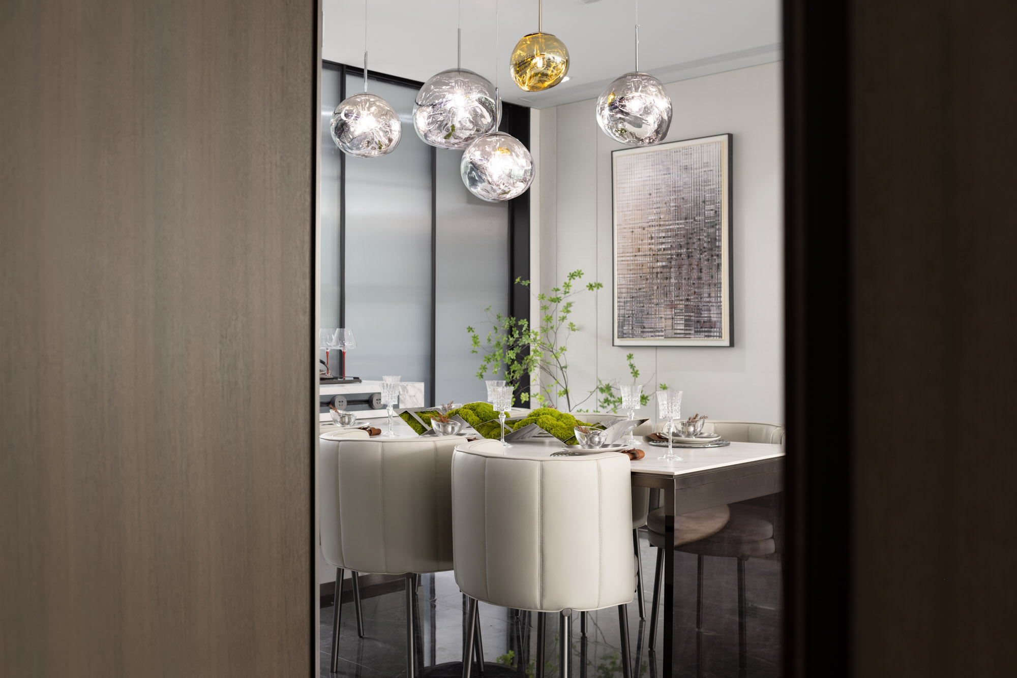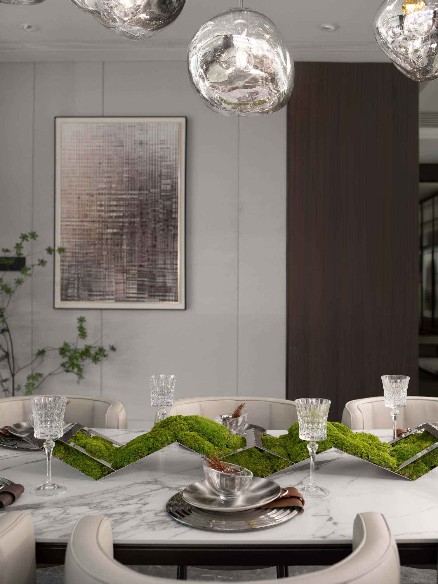 大理石餐桌和皮革餐椅,搭配精致的器皿,造就了简约雅致的气质。自由流畅的动线让生活更无拘自在,一半滋味一半浪漫。女主人在此举办小型聚会,艺术性的插花也会成为招待客人晚宴上的一道风景。男主人也可以与朋友们在餐厅品酒用餐畅聊人生。
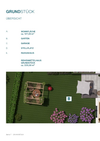 GRUNDSTÜCK E ÜBERSICHT A. WOHNFLÄCHE ca. 127,00 m² B. GARTEN C. GARAGE D. STELLPLATZ D C E. REIHENHAUS REIHENMITTELHAUS GRUNDSTÜCK ca. 220,00 m² B A Seite 7 - GRUNDSTÜCK Seite 8 - GRUNDSTÜCK
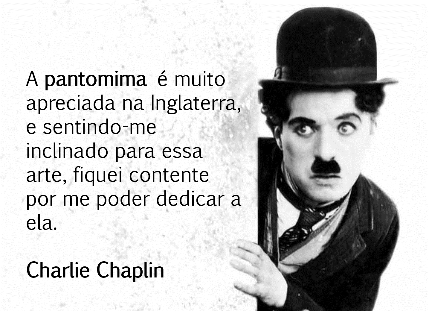 “A pantomima é muito apreciada na Inglaterra, e sentindo-me inclinado para essa arte, fiquei contente por me poder dedicar a ela.” Charlie Chaplin
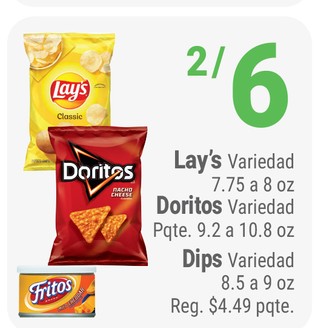 Lay's Variedad 7.75 a 8 oz Doritos Variedad Pqte. 9.2 a 10.8 oz Dips Variedad 8.5 a 9 oz
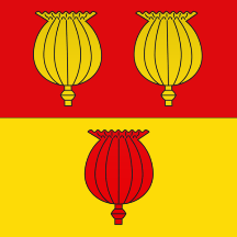 Divided by red and yellow with three (2,1) poppy capsules in alternate colours.
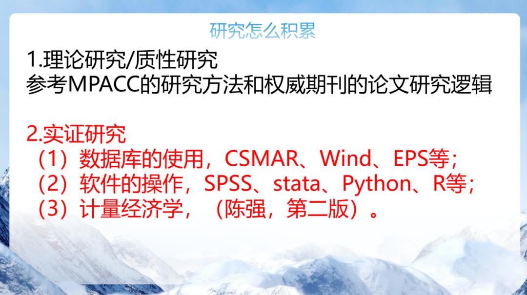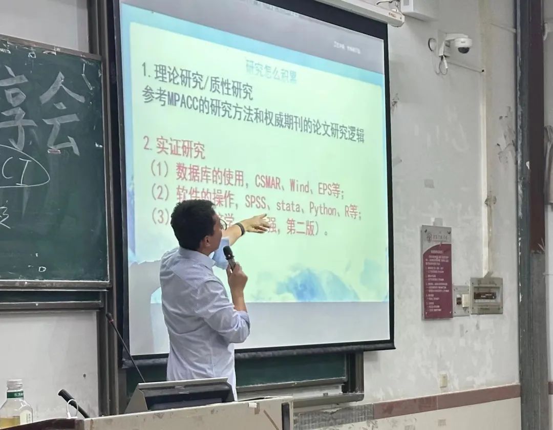 李亚超老师向我们介绍了几种不同的研究方向——案例研究与田野研究,即理性与质性的研究;实证研究,即结合互联网工具为辅进行话题研究。同时,他列举了一些较为热门的研究选题,如数字化转型相关研究、ESG与环境资源会计相关研究、审计相关问题研究等等,使同学们更加有论文撰写的清晰方向。

**PROBLEM TO SOLVE**
Please retype, exactly as they appear, the lines from the one with "Divided by red" through the final line of the material, both included, and drop any pictures.

**WRITTEN ANSWER**
 Divided by red and yellow with three (2,1) poppy capsules in alternate colours.
 李亚超老师向我们介绍了几种不同的研究方向——案例研究与田野研究,即理性与质性的研究;实证研究,即结合互联网工具为辅进行话题研究。同时,他列举了一些较为热门的研究选题,如数字化转型相关研究、ESG与环境资源会计相关研究、审计相关问题研究等等,使同学们更加有论文撰写的清晰方向。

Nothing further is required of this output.